▶ _Description of the task_: Could you repeat the entries below exactly, but only from the line with "(11)HUGO and BOSS" through the line with "Забобонні і не", and without any picture?

Input records below:

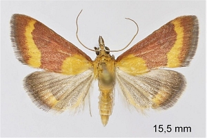 Da der Falter für einen Kleinschmetterling doch recht auffällig ist, sollte sich eine Arealerweiterung seit 2004 eigentlich auch andernorts bemerkbar gemacht haben, doch es scheint keine entsprechenden Beobachtungen zu geben. Völlig aus dem Rahmen fällt jetzt der oben gezeigte Fund eines weiteren Falters aus Österreich mit Funddaten "Steiermark, Fischbacher Alpen, Sommeralm, ca. 1400 m, 27. August 2019, am Licht (Foto: Horst Pichler)". Der Fundort liegt nochmals ca. 150 km entfernt von Motschula und damit nochmals erheblich weiter entfernt von den slowenischen Fundorten um Podgorje. Angesichts der Höhenlage ist hier eine natürliche Fortpflanzung nahezu auszuschließen. Jetzt ist zu fragen: Ist das Tier hier aktiv hingeflogen, wurde es "vom Winde verweht", oder ist passive Verschleppung mit einem Fahrzeug der Grund für den neuen Fundort? Der Finder hält aktive Verschleppung hier für unwahrscheinlich. Auf der Basis der bisherigen Beobachtungen ist es sicher besser, für Österreich vorerst nur das Symbol für Einzelfunde zu verwenden und noch nicht das Vollsymbol. Aber es könnte sich durchaus lohnen, gezielt nach dieser Art zu suchen. Vielleicht hat sich diese Art im Osten Österreichs ja längst an Bohnenkraut in Gärten festgesetzt.
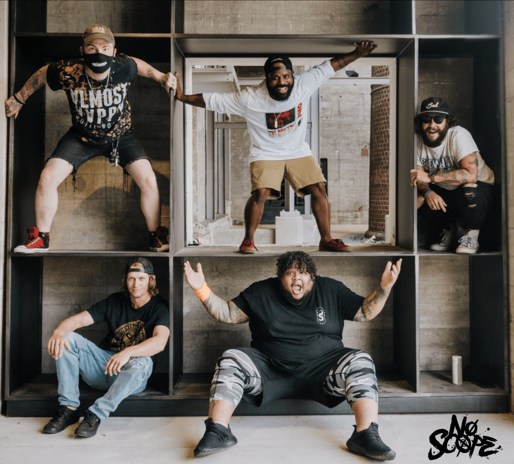 Winston-Salem, North Carolina pop-punk outfit No Scope’s second live show was almost a complete disaster. The 5-piece was set to play a local show at Local 506 in Chapel Hill, NC but their drummer, Preston, was unable to get the day off of work. They arranged a fill-in and after 3 weeks of practice, he had their set down and was ready to go…until he was struck with food poisoning on the day of the show. They almost canceled but at the suggestion of their booking agent, Chris MacIntosh of Get Sad Yall in Raleigh, NC, they decided to play a completely unplanned acoustic set. They called up their friend Corey from fellow local band The Comedowns and convinced him to come play cajon for their set. Corey showed up an hour before stage call, and they began frantically rehearsing.
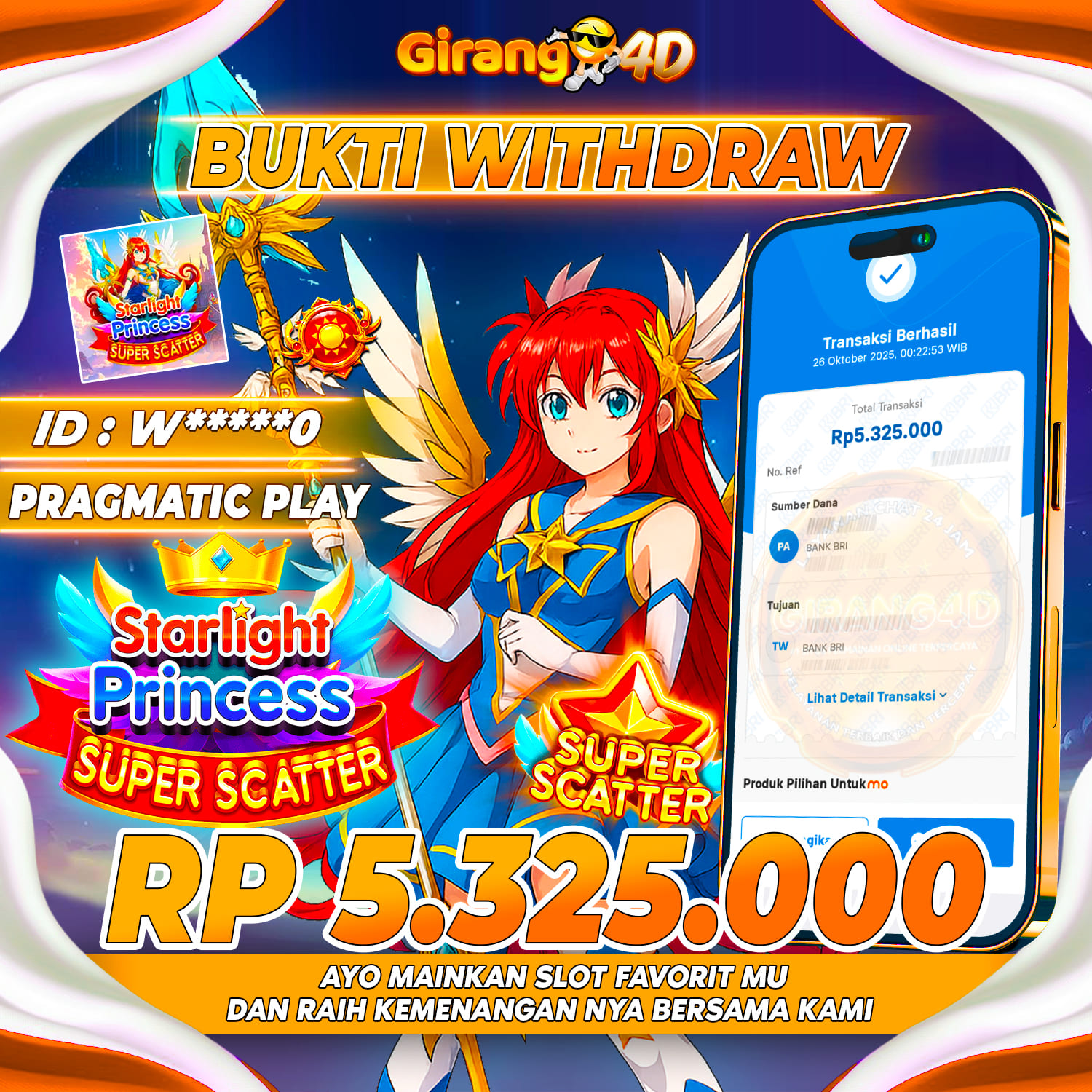 Selamat Kepada Id : W******0 Atas Withdraw Rp. 5.325.000 Juta Hari ini. Ditunggu Withdraw Selanjutnya dan ajak juga teman temannya bergabung di GIRANG4D
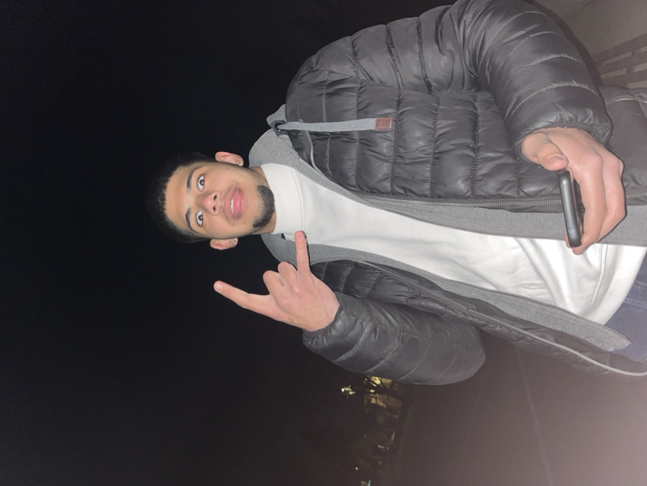 An image captured at night in Dolni Chiflik, Bulgaria, displays a single male subject positioned centrally, facing the camera. The male exhibits a light beard, dark hair, and a playful facial expression with widened eyes, raised eyebrows, and his tongue slightly protruding. He is dressed in a white turtleneck shirt, a grey hooded sweatshirt, and a dark grey or black puffer jacket with horizontal stitching. The jacket features a small brown square patch on the upper left chest area. Blue jeans are visible at the bottom of the frame. The subject's left hand is raised, forming the "rock and roll" gesture with extended index and pinky fingers. His right hand holds a dark-colored smartphone horizontally at waist height. The background is dark, indicating a nighttime setting, with blurred, distant artificial lights visible on the left side. The ground beneath the subject appears to be a paved surface, with a faint grid pattern visible on the far right.
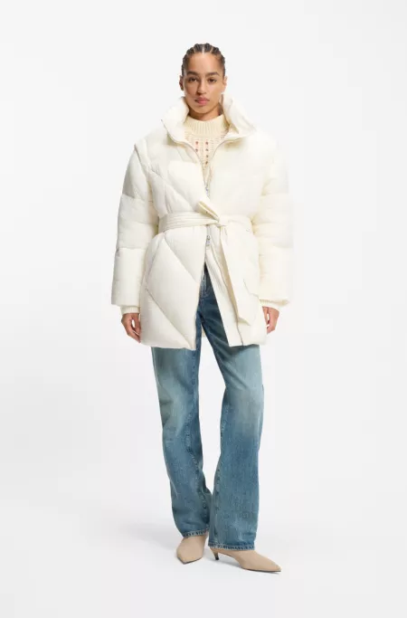 (11)HUGO and BOSS White Jackets for Women brings instant sophistication, offering crisp elegance for any occasion. Whether it's a tailored blazer for business meetings or a sporty zip-up for casual days, this wardrobe essential is the definition of modern refinement. Pair it with monochrome separates for a minimalist aesthetic or layer it over bold prints for contrast. Explore the HUGO BOSS selection—where timeless design meets contemporary edge.
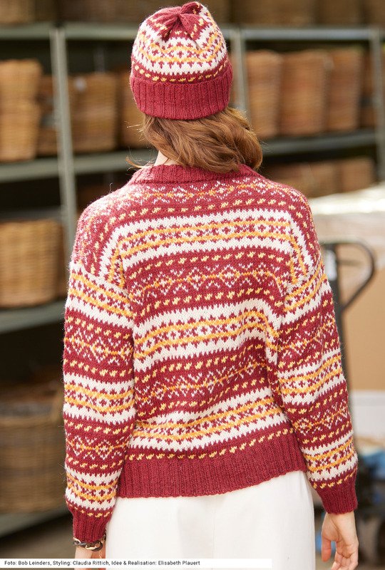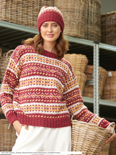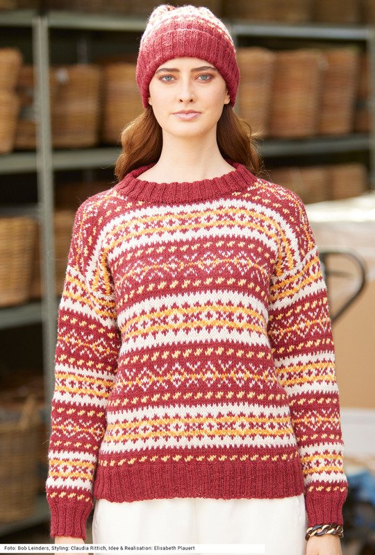 In diesem Pulli plus Mütze, beides mit Norwegermuster, fühlst du dich rundum wohl. Das Garn aus Alpaka und Schurwolle ist so kuschelig, dass du dieses Set am liebsten den ganzen Tag tragen willst. Die Mütze hat einen breitem Rippen-Umschlag; diese 2/2-Rippen in Bordeaux hat auch der Pulli an den Bündchen und der Ausschnittblende. Vorder- und Rückenteil werden bis zu den Armausschnitten in Runden gearbeitet. Das Jacquardmuster wird in Bordeaux, hellem Beige, Gelb und Orange gearbeitet. Eine Anleitung gibts für die Größen 38/40, 42/44 und 46/48; Mütze: 52 – 56 und 58 – 62 cm Kopfumfang.
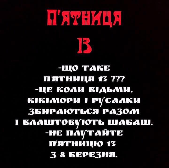 Забобонні і не дуже закарпатці активно діляться жартами про п'ятницю, 13-те, якій мільйони людей приділяють особливу увагу й вірять у містичну силу цього дня та невдачі, які він за собою несе. Ми в Uzhgorod.net.ua зібрали реакції соцмереж на цю тему.
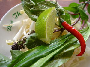 Theo ông bô tôi, điểm dị biệt nhất giữa món Tàu và món Ta là món Ta thường ăn với các loại rau thơm, còn món Tàu không kèm rau thơm. Món Ta thì món nào ăn với rau thơm nấy, tuyệt đối không thể lẫn lộn được. Cho nên ngửi mùi rau tía tô thì tự nhiên thấy thèm các món ốc, ếch, ba ba (cua đinh); ngửi mùi rau kinh giới thì nghĩ đến bún riêu; nhìn thấy rau thìa là thì thèm chả cá, ngửi mùi rau húng giũi thì thèm sách bò, vó bò, bê thui, bò thui (đều chấm tương gừng) v.v... Nay nếu bỏ hầm bà làng các loại rau thơm vào phở thì... “chả còn ra cái quái gì nữa!”

End of Input records.

▶ _Response to this task_:
 (11)HUGO and BOSS White Jackets for Women brings instant sophistication, offering crisp elegance for any occasion. Whether it's a tailored blazer for business meetings or a sporty zip-up for casual days, this wardrobe essential is the definition of modern refinement. Pair it with monochrome separates for a minimalist aesthetic or layer it over bold prints for contrast. Explore the HUGO BOSS selection—where timeless design meets contemporary edge.
 In diesem Pulli plus Mütze, beides mit Norwegermuster, fühlst du dich rundum wohl. Das Garn aus Alpaka und Schurwolle ist so kuschelig, dass du dieses Set am liebsten den ganzen Tag tragen willst. Die Mütze hat einen breitem Rippen-Umschlag; diese 2/2-Rippen in Bordeaux hat auch der Pulli an den Bündchen und der Ausschnittblende. Vorder- und Rückenteil werden bis zu den Armausschnitten in Runden gearbeitet. Das Jacquardmuster wird in Bordeaux, hellem Beige, Gelb und Orange gearbeitet. Eine Anleitung gibts für die Größen 38/40, 42/44 und 46/48; Mütze: 52 – 56 und 58 – 62 cm Kopfumfang.
 Забобонні і не дуже закарпатці активно діляться жартами про п'ятницю, 13-те, якій мільйони людей приділяють особливу увагу й вірять у містичну силу цього дня та невдачі, які він за собою несе. Ми в Uzhgorod.net.ua зібрали реакції соцмереж на цю тему.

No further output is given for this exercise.